性犯罪者は、否認の心理が強いという特徴があります。
否認の心理とは、不都合な事実や自分の異常さ、問題点を受け入れないという心理で、この心理が盗撮を繰り返すための言い訳づくりになっています。

盗撮の常習者が持っている否認の心理
  • 盗撮をされていることを女性は気づいていない
  • 気づかれなければ傷つけることもない
  • 気を付けていれば捕まらない
  • 止めようと思えば、いつでも止められる
  • 短いスカートをはいている女性も悪い


このように心の中で盗撮をするためのさまざまな言い訳づくりを行っていて、その心の中の言い訳が、やってはいけないことを行動に移す自分への許可になっているのです。

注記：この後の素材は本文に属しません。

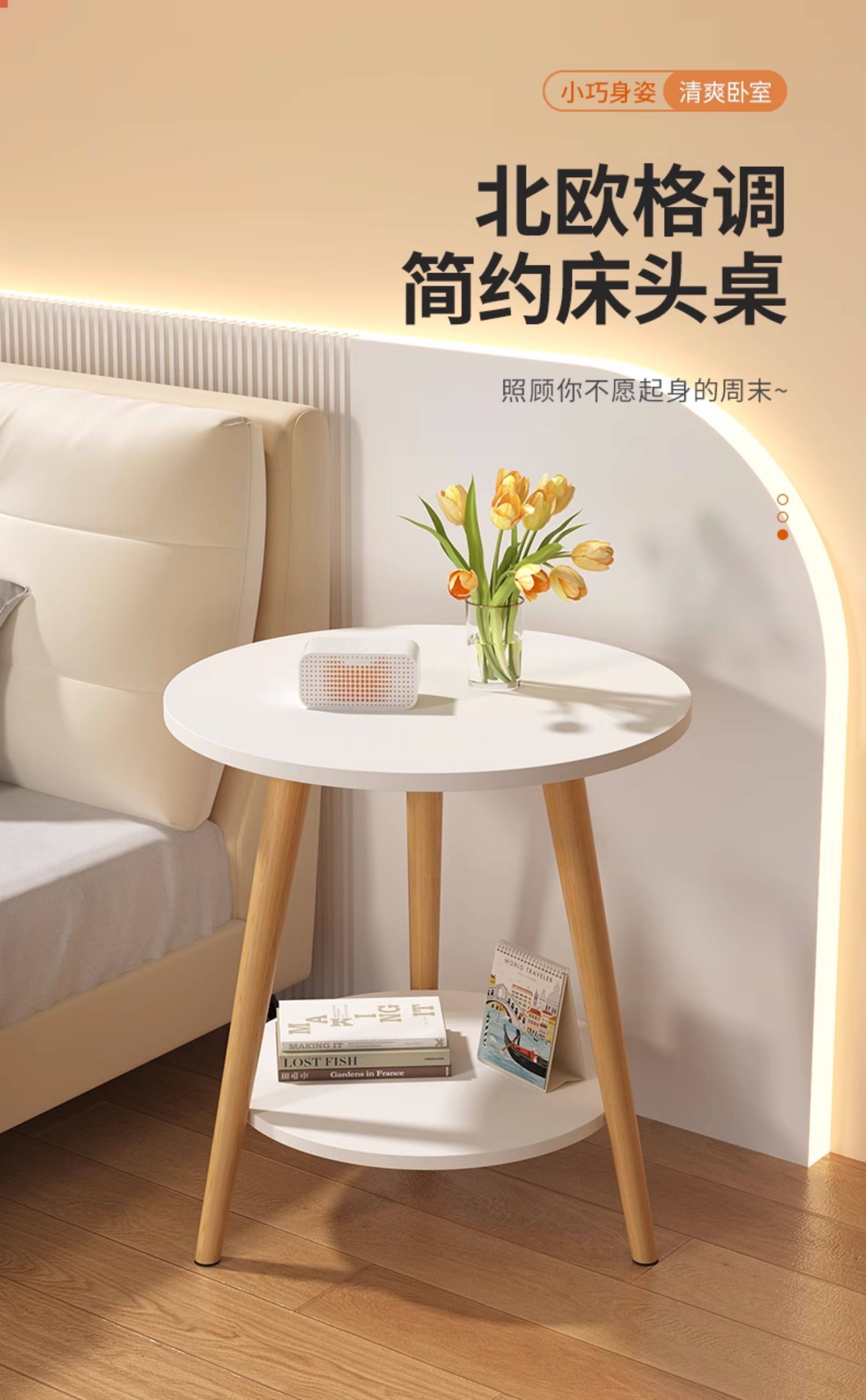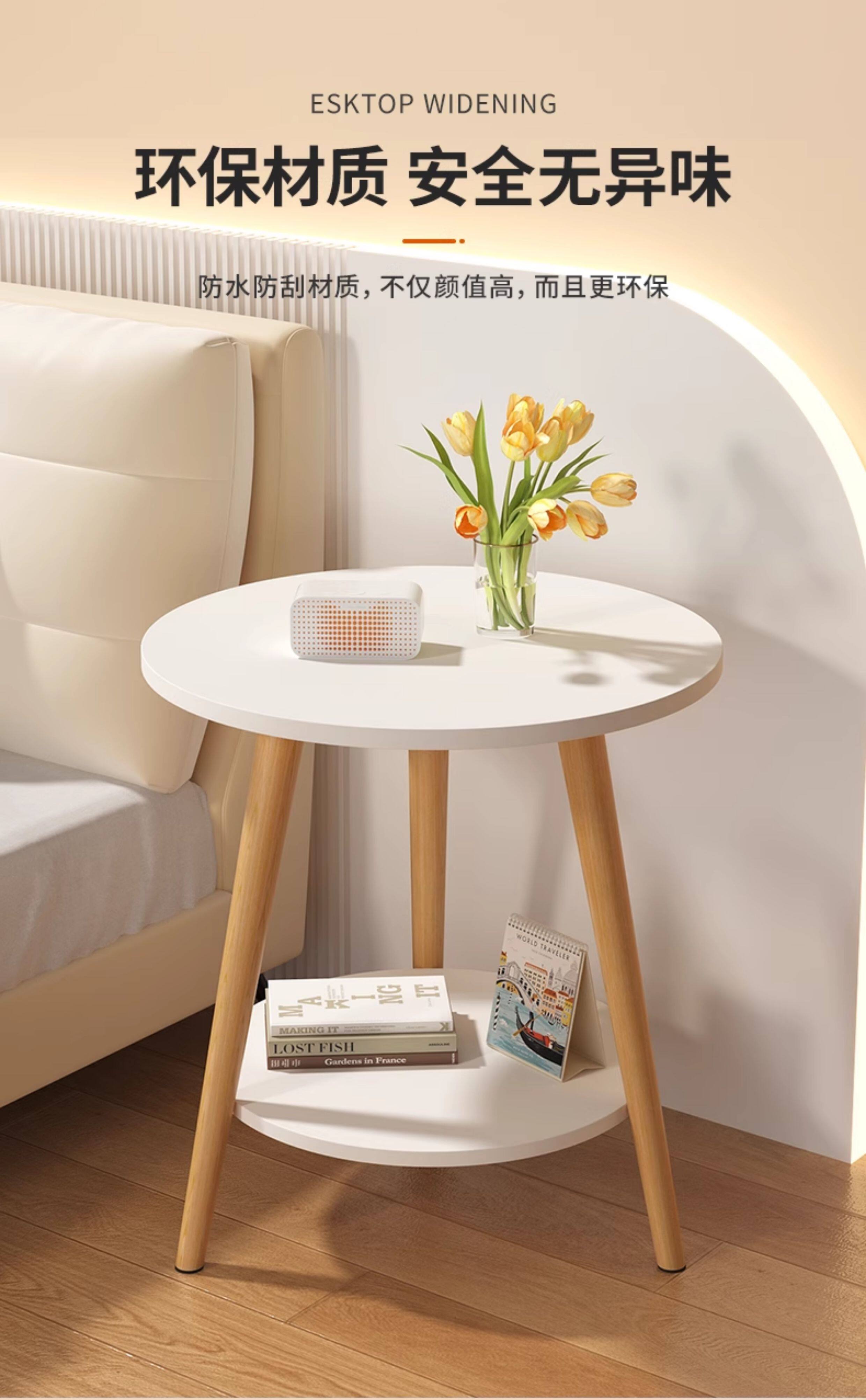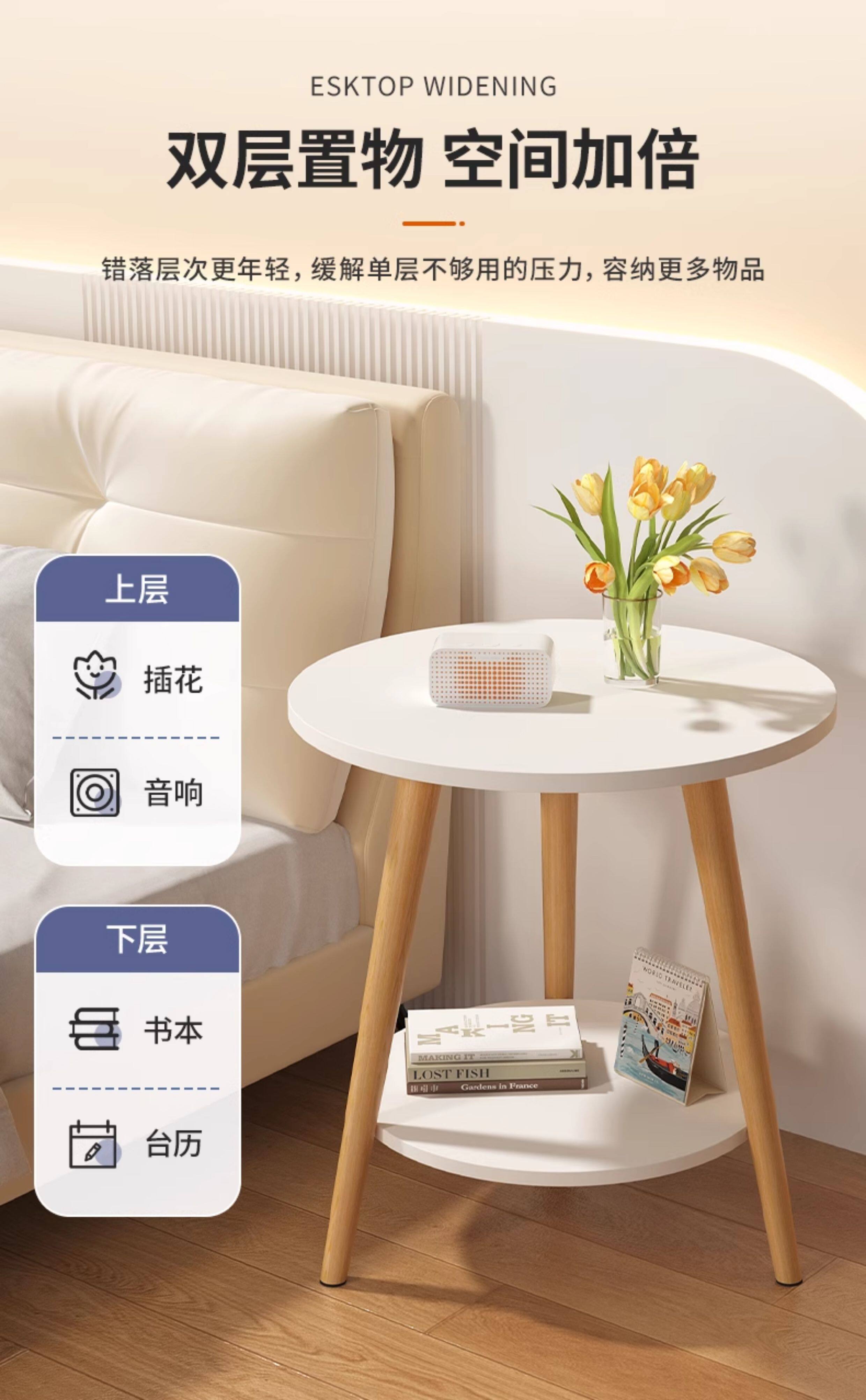 Mesa de cabecera de doble capa mesa de té pequeña casa de alquiler al lado de la casa balcón pequeña mesa de té estante de almacenamiento doméstico estante de almacenamiento de dormitorio

カウンセリングの中で、このような心理について聴いていると、呆れてしまいそうになったり、憤りを感じることもあるほどです。
ただ、この否認の心理は、性犯罪加害者が向き合って認め、改善をしていく必要があるものなので、カウンセリングでは安易に思い込みを指摘せずにしっかりと話を聴き、質問をしながら、性犯罪加害者本人が否認の心理を持っていることに気づくことが改善の第一歩となります。

盗撮を繰り返す人が心の中で考えていること

いくら事実を否認しても、盗撮を続けていると逮捕されてしまいます。
逮捕された後の後悔と反省の度合いは、盗撮の加害者の話を聴いていると個人差があると感じています。
ただ、再犯に至る心理に関しては、ある程度共通しています。

例えば、下記のような特徴があります。

盗撮を繰り返すために心の中で行われている言い訳
  • また盗撮をしたいと思っていてもそれを認めない
  • カウンセリングで衝動があることを正直に言わない
  • 自分の意思だけで改善できる
  • 一度つかまったが、次はバレないようにできるはず
  • 反省も後悔もしているので再犯をするはずがない


盗撮をして一度つかまった人は、もしこのような心理が自分の中にあるのであれば、再犯をしてしまう可能性はとても高いと言えます。
まだ、カウンセリングを受けたことがないのであれば早急に受けることが必要です。

また、自己判断でカウンセリングを中断した場合でも、上記のような心理状態になることがあれば、カウンセリングを再開する必要があります。

盗撮を止めるためにはカウンセリングへ

盗撮は、痴漢などに比べて刑罰は軽いかもしれませんが、罪という観点から考えると、女性に不快感、恐怖感、男性への不信感を与え、自尊心も傷つける行為で、自分の問題点を重く受け止めるべき行動です。
再犯が繰り返される背景には、罪の意識を維持し続けることができず、罰が小さいことで再犯をしてはいけないという意識が芽生えにくい人がいるといことが関係あると思います。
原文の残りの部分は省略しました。